Steve Mauldin's arrival in late 1998 heralded major changes at WFOR-TV. Six weeks after he started, a fire erupted at the under-construction American Airlines Arena in Miami. He found himself frustrated with the station's coverage of the event. In 2001, he told Broadcasting & Cable, "I sat here in my office with about six TVs"; other stations arrived on the scene first, including one from West Palm Beach. The station was last in the ratings at 5 p.m. and second to last at 6 and 11. As part of an overhaul that included a new news director (formerly of WSVN) and a new main anchor team, the station got a new look with more tropical colors—Mauldin derided the last look as one that could have been used in Dayton, Ohio—and newscast music with a salsa beat. The station kept up high ratings for some time; in February 2003, it led in total households for its 11 p.m. newscast for the first time ever, even despite a change in anchor from Steve Wolford to Eliott Rodriguez. Rodriguez was then moved to the noon and 5:30 p.m. newscasts to make way for the pairing of Maggie Rodriguez and Robb Hanrahan, the latter returning to the market after seven years. Norcross left WFOR in 2008 to devote time to an emergency communications business he established with former National Hurricane Center director Max Mayfield.

In 2010, WFOR-TV began broadcasting its local newscasts in high definition as part of an overhaul of the station's on-air news presentation, including a new logo. WFOR's newscasts were expanded in 2017 with a new 4:30 a.m. morning half-hour and a newscast at 7 p.m.; both additions occurred alongside the arrival of Hurricane Irma. The station was a recipient of an Alfred I. duPont–Columbia University Award in 2019 for an hour-long documentary, "The Everglades: Where Politics, Money and Race Collide".
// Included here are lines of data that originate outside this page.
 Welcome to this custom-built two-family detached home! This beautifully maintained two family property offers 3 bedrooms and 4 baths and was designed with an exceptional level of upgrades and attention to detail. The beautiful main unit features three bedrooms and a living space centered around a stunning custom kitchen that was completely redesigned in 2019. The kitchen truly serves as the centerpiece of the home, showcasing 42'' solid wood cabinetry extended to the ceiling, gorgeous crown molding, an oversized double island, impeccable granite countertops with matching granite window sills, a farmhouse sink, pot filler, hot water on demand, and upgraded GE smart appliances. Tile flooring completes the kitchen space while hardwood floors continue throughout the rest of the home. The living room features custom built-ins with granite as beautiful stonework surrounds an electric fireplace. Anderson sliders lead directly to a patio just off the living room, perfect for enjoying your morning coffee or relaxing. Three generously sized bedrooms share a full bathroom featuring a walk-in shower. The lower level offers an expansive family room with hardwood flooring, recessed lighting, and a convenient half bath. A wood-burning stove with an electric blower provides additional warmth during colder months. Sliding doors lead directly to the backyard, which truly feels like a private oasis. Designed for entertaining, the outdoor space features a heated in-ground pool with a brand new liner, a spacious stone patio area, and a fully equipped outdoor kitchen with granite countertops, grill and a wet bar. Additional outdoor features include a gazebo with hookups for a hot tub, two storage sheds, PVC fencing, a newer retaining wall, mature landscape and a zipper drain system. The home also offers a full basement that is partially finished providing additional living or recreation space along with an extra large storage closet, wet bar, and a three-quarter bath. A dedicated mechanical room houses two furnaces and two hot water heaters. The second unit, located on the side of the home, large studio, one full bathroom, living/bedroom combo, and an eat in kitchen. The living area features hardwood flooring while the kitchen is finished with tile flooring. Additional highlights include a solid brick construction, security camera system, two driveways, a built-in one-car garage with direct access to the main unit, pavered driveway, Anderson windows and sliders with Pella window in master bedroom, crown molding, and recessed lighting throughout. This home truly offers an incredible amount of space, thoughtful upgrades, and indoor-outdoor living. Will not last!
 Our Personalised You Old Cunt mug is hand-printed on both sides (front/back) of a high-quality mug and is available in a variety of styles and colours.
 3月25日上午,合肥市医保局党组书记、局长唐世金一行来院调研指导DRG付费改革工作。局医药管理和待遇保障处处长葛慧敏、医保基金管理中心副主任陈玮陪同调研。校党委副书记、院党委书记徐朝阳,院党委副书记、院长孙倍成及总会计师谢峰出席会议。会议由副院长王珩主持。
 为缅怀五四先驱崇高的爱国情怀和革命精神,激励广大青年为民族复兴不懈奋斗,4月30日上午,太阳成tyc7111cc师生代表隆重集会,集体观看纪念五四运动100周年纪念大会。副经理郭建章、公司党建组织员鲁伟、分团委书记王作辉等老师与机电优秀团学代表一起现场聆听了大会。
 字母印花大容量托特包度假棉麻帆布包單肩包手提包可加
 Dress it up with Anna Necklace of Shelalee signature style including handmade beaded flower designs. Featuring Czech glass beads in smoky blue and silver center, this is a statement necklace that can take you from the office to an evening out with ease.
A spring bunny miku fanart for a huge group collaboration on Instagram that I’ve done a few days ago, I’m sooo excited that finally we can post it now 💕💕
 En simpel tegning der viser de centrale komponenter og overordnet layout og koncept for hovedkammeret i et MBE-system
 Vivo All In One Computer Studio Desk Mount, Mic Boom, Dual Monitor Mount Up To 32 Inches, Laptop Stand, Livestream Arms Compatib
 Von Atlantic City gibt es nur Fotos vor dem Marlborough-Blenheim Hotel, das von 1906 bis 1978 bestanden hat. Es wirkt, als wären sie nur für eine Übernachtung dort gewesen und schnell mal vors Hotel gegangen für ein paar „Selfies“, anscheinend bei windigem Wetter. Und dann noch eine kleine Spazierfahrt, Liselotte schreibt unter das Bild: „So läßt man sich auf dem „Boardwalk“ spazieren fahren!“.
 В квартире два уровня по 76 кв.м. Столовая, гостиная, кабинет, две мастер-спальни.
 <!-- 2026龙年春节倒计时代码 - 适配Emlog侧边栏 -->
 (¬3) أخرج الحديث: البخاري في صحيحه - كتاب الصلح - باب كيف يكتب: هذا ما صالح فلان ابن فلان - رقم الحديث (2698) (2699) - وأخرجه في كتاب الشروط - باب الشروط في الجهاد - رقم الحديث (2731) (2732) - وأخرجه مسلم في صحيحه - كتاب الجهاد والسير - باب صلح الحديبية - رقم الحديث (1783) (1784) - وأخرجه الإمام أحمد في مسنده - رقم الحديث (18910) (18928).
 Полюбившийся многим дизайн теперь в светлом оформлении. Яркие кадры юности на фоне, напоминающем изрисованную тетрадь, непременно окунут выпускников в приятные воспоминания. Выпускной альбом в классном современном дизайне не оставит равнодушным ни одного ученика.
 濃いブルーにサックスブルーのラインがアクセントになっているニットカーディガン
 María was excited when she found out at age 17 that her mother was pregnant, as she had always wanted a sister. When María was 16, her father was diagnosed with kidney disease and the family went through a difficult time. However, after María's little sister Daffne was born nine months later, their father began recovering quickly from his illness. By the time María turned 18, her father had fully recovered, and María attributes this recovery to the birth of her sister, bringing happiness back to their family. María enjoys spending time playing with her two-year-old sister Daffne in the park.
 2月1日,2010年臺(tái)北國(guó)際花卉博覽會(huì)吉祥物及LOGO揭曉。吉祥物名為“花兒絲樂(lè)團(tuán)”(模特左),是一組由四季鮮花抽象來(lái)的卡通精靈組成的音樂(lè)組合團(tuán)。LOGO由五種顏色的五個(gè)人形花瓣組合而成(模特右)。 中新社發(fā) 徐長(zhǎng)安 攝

Current logo for CBS News Miami.

WFOR-TV launched a streaming news service, CBS News Miami (a localized version of the national CBS News streaming service) on January 24, 2022, as part of a rollout of similar services across the CBS-owned stations. The service was originally announced as CBSN Miami, but its launch coincided with the rebranding of the CBSN services under the CBS News name. By February 2023, WFOR rebranded as CBS Miami in conjunction with the CBS News Miami service. WFOR continues to be a solid performer in a close market; in February 2022, it led all English-language TV stations in 11 p.m. news ratings (though far behind WLTV and WSCV). Kim Voet took over as president and general manager of all CBS television operations in Miami in July 2023.

=== Notable on-air staff ===
==== Current staff ====
- Jim Berry, news anchor and former sports director
- Steve Goldstein, sports anchor since 2015 and preseason TV voice of the Miami Dolphins since 2021
- Betty Nguyen, morning news co-anchor

==== Former staff ====

- Susan Barnett, morning news co-anchor
- David Bernard, meteorologist
- Rick Folbaum, news anchor
- Dave Malkoff, reporter
- Antonio Mora, news anchor
- Katie Phang, commentator
- Ken Rosato, news anchor
- Jennifer Santiago, reporter and anchor

== Technical information ==
=== Subchannels ===
WFOR-TV's transmitter is located in Andover, Florida. Its signal is multiplexed:

Subchannels of WFOR-TV
| Subchannel | Res.Tooltip Display resolution | Short name | Programming |
| 4.1 | 1080i | WFOR-TV | CBS |
| 4.2 | 480i | WFORTV2 | Start TV |
| 4.3 | WFORTV3 | Dabl |
| 4.4 | WFORTV4 | Outlaw |
| 4.5 | WFORTV5 | Catchy Comedy |

=== Analog-to-digital conversion ===
WFOR-TV signed on its digital signal on May 1, 2001. The station ended programming on its analog signal, on VHF channel 4, on June 12, 2009, the official date on which full-power television stations in the United States transitioned from analog to digital broadcasts under federal mandate. The station's digital signal continued to broadcast on its pre-transition UHF channel 22, using virtual channel 4.